TEN OF MY WRITING COMMANDMENTS

I. In the beginner's mind there are many possibilities. In the expert's mind there are few.

--ZEN MASTERS

II. The obligation of the artist is not to solve the problem but to state the problem correctly.

--ANTON CHEKHOV

III. Do not be afraid!

--ANGELS APPEARING TO SHEPERDS TENDING THEIR FLOCKS BY NIGHT

IV. If you bring forth what is inside you, what you bring forth will save you. If you do not bring forth what is inside you, what is inside you will destroy you.

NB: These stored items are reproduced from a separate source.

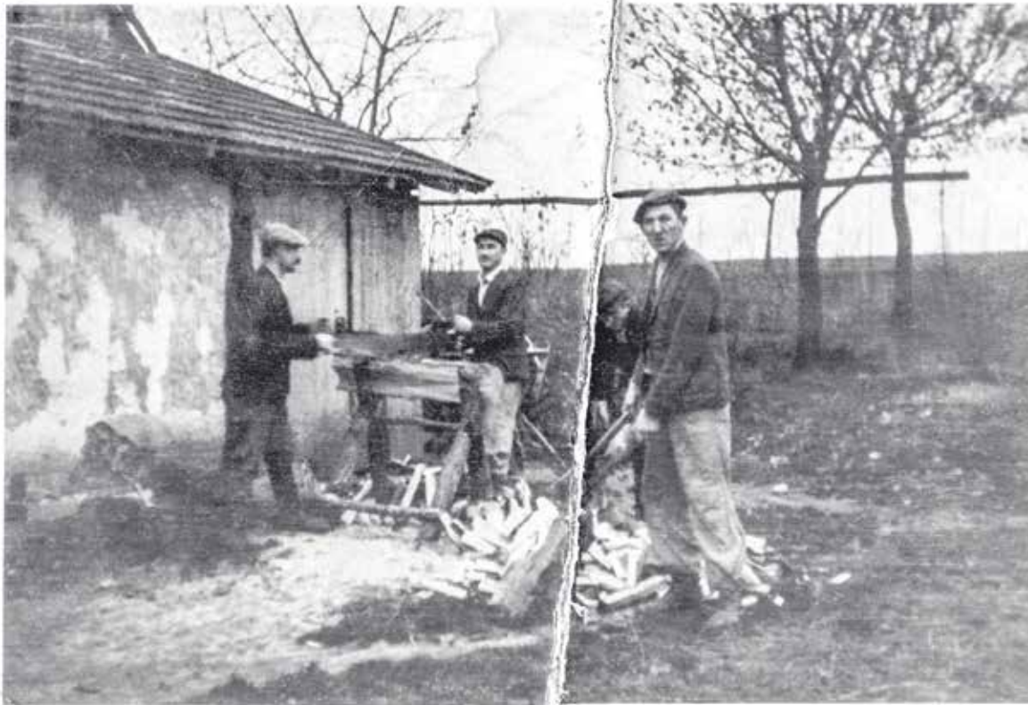
Goldmanowie przy cięciu i rąbaniu drewna na opał w obejściu Ulmów, gdzie się ukrywali.

↳ trzy litrowe butelki wódki, pogrozili Polakom zajętym chowaniem ciał i odjechali.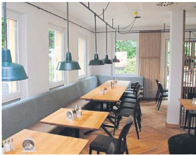
Alles neu im Bürgerhaus. Inventar und Fensterfassaden haben sich verändert.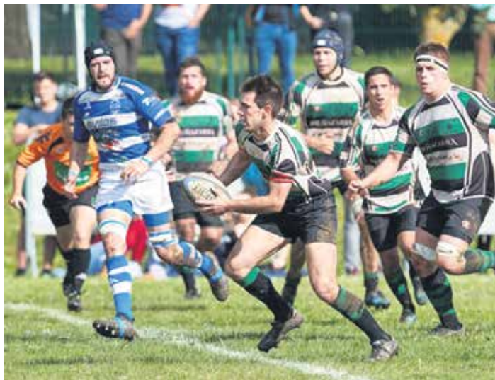
La Unica talde nafarra lanean ikusteko aukera izango dugu bihar Etxarrin. LA UNICA

Sakanako errugbi sustatzeko lan handia egiten ari dira azkenaldian honetan eragile ezberdinak. Esaterako, Sakanako Mankomunitateak Sakanako neska-mutilei zuzendutako errugbi campusa antolatu du aurtengoa, nobedadea. Nafarroako errugbi federazioak oso begi onekin hartu zuen campusa antolatzea-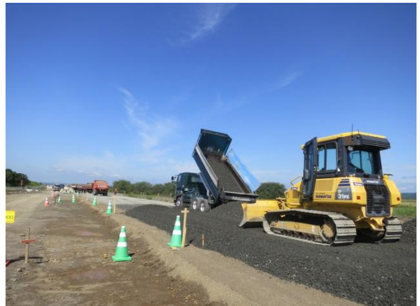
下層路盤敷 施工状況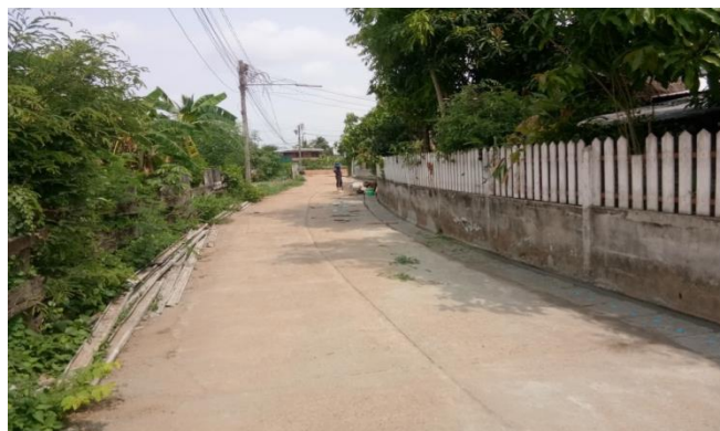
โครงการก่อสร้างวางระบายน้ำ คสล.ซอยแสงจันทร์ถึงซอยราชพัฒนา บ้านดอนเชียง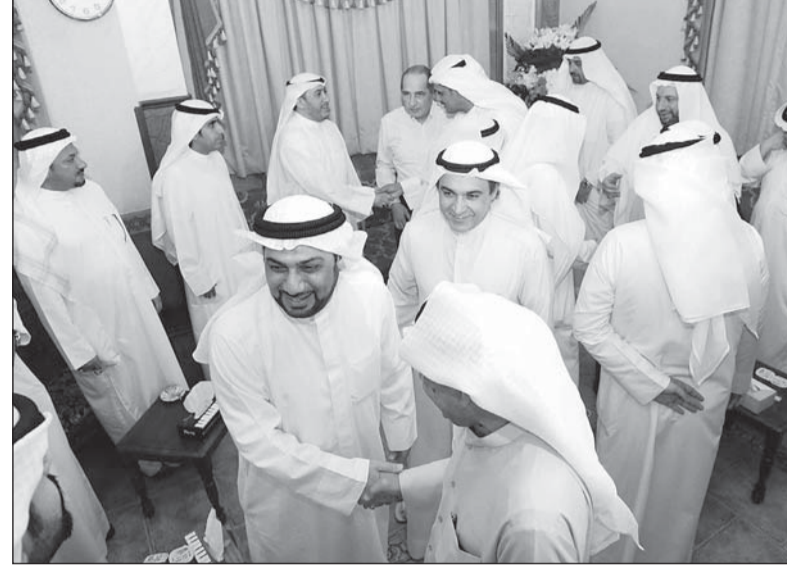
• الزلزلة المجلس ينتظر

وأوضح أن مجلس الأمة يحتوي على جناحين مهمين: الأول جناح الخشوع، والآخر جناح الرقابة. فالتشريع، أنا أتوقع أنه سيتم وينجز على أكمل وجه، وأما الرقابة فتحتاج إلى نواب يلتزمون بها، وذلك حتى يكون الأداء متميزا على الشكل المطلوب.

--ST. THOMAS, GNOSTIC GOSPELS

V. Poetry presents the thing in order to convey the feeling. It should be precise about the thing and reticent about the feeling.

--WEI T'AI

VI. One must write a poem the way one rules an empire, the way one cooks a small fish.

--AUTHOR UNKNOWN

VII. El papel lo aguanta todo. (Paper holds everything.)

--MAMI

VIII. You must change your life.

--RAINER MARIA RILKE

IX. The function of freedom is to free someone else.

--TONI MORRISON

X. If you want to be a writer, than write. Write every day!

--SAMUEL JOHNSON

Excerpted from Something to Declare Copyright (c) 1998 Julia Alvarez. Reprinted by permission of Algonquin.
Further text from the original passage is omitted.